Quand ils sont arrivés à leurs village, leur père les interpella, « mes fils, dieu soit loué, vous êtes enfin arrivés »

« Qu’est-ce qu’il y’a père » s’inquiéta gras

« Nos moutons, ils sont tous morts de faim »

« Quoi ! Père tu ne pouvais pas faire attention avec les maigres rations qu’on avait ?, c’est de ta faute si nos moutons sont tous morts » gronda ingrat

« Ne t’inquiètes pas père, que la volonté de dieu soit faite, on trouvera une solution »

« Quelle solution tu vas trouver ? De toute façon, moi je pars, je ne resterais pas avec vous pour mourir de faim » termina ingrat qui tourna les talons laissant ses tristes parent avec son frère gras, « heureusement j’ai pu avoir quelques argents pour acheter des moutons et refaire ma propre ferme » pensa ingrat

« Qu’allons-nous faire mon fils, on a plus rien, ni moutons, ni argent »

« Ne t’inquiètes pas père, je vais chez le gouverneur, chercher du travail, tout ira bien »

Le lendemain, gras mis sa plus belle tenue et partie chez le gouverneur

« Tu veux quoi ? dit le sentinelle

« Je viens vois le gouverneur »

Vu sa tenue propre et aisée, la sentinelle cru avoir affaire à un des notables du village, « entrez s’il vous plait »

Le gouverneur était entouré de ses disciples « bonjour gouverneur »

« Bonjour noble citoyen, qu’elle est votre doléance »

« Je suis venu chercher du travail »

« Comment un noble monsieur comme vous peut-il  prétendre à un travail ? » s’étonna le gouverneur

« Je suis un pauvre citoyen qui a ses parents à sa charge, et qui n’a même pas le prix d’un déjeuner en sa poche »

« Je ne comprends pas, vous avez l’air d’être très distingué ? »

« mon allure n’est que le signe de la considération que je porte  à la personne très distinguée que je viens voir, et que je me dois de respecter »

Flatté par l’éloquence de gras, le gouverneur dit « c’est quoi ton nom citoyen »

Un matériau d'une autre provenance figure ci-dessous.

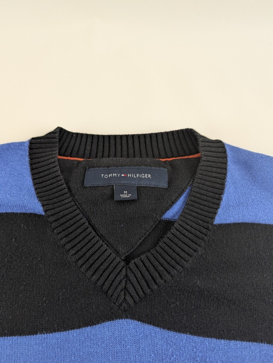 Tommy Hilfiger Sweater M Blue Black Stripe V and 27 similar items
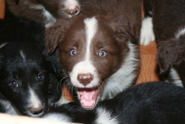 Hier ma chienne une petite border collie de 4 ans a eu 8 magnifiques chiots ( à l'écho le veto m'avait dit 3, surprise ...)
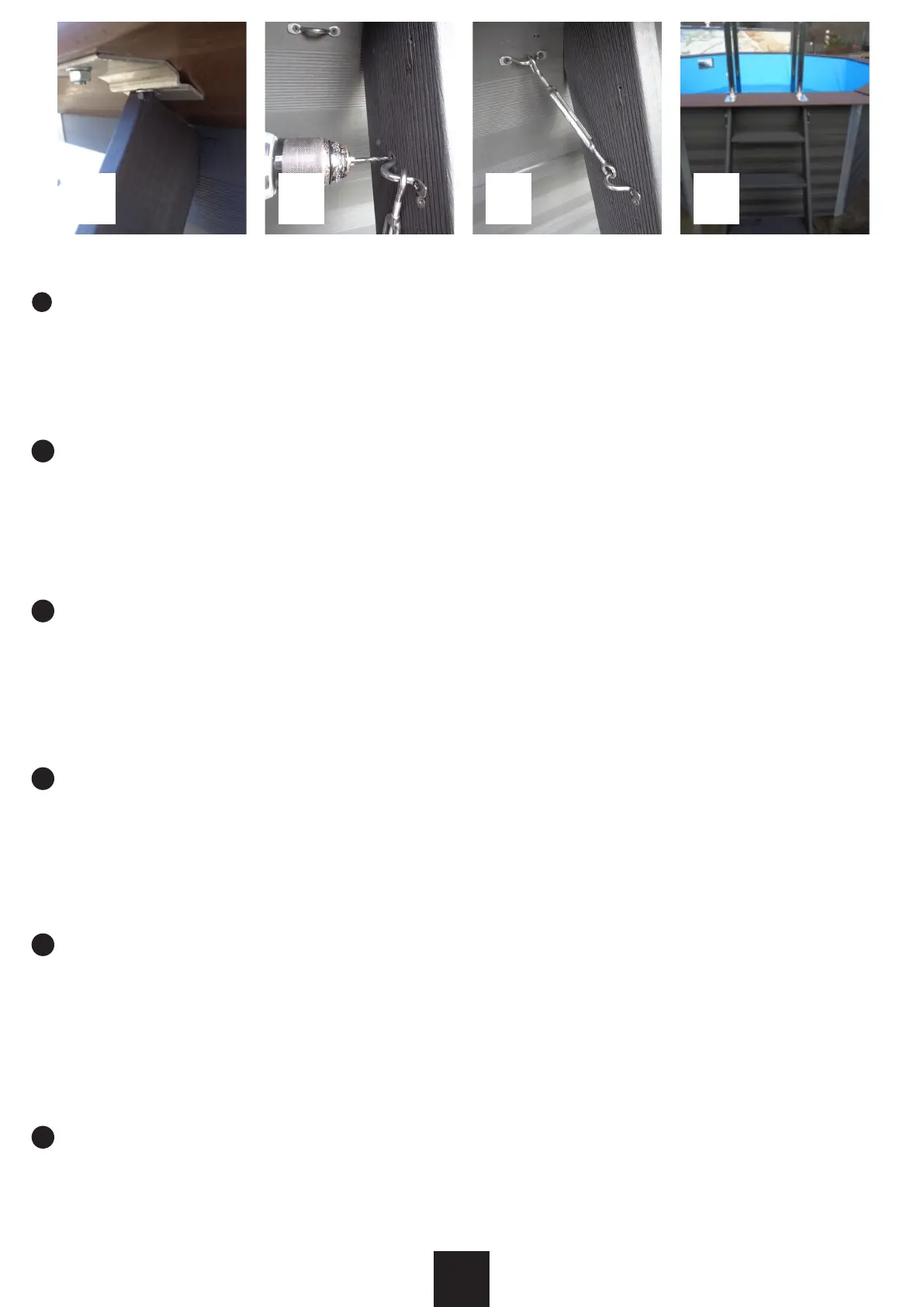 - Căutai cârligul și introducei-l așa cum se arată în fotograa 44. Urmai aceeași procedură pentru a-l xa de balustradă (foto 43).
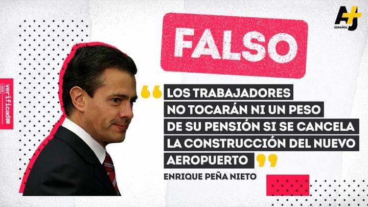 “Trabajadores no tocarán ni un peso de su Pensión si se cancela la construcción del nuevo aeropuerto: Amenaza Peña Nieto” (sic), advierte una publicación hecha en la página de Facebook No más PRI, que ha sido compartida casi mil 300 veces.

« Je m’appelle Gras monsieur »

« Gras !! Ça me dit quelque chose !ah oui j’ai trouvé » dis le gouverneur, « venez avec moi gras »

Gras, ne comprenait pas ce que le gouverneur voulait dire, mais le suivi en silence, pensant que sa requête était retenue et que le gouverneur le conduisit à son lieu de travail

« Entrez s’il vous plait »

Gras entra dans une grande et luxuriante salle, il aperçut au fond, un couple de vieux personne. Humble comme il était, il n’osa pas lever les yeux vers eux par respect,

« Regardez père qui nous rend visite » dit le gouverneur en s’adressant au vieux

« Oh, mon fils, heureux de te revoir, dit le vieux monsieur

Etonné, gras releva les yeux et découvrit que le vieux n’était que le berger qu’il avait aidé a récupérer les moutons et a réparer la clôture

«Vous, monsieur ? »

« Oui mon fils, je suis le père du gouverneur, mais j’aime ma vie de berger, c’est ce que j’étais avant que mon fils devienne gouverneur, c’est une longue histoire !

« Gras », dit le gouverneur, « pour ton amabilité, ton courage, et ta gratitude, je te nomme vice-vizir, j’ai besoin de personne humble et intègre comme toi à mes côtés.

Gras ne croyait pas à ce qui lui arrivait, il les remercia et alla chercher ses parents pour vivre avec lui aux quartiers du gouverneur.

Quant à ingrat, il était parti très loin pour que sa famille ne trouve plus ses traces et ne lui demande pas de partager son maigre butin, bientôt il perdit tous son argent, les deux moutons chétifs qu’il avait acheté étaient morts et il n’avait même pas d’argent pour retourner à son village, il mourut en mendions sur le trottoir de la grande ville, en un piètre soir d’hiver.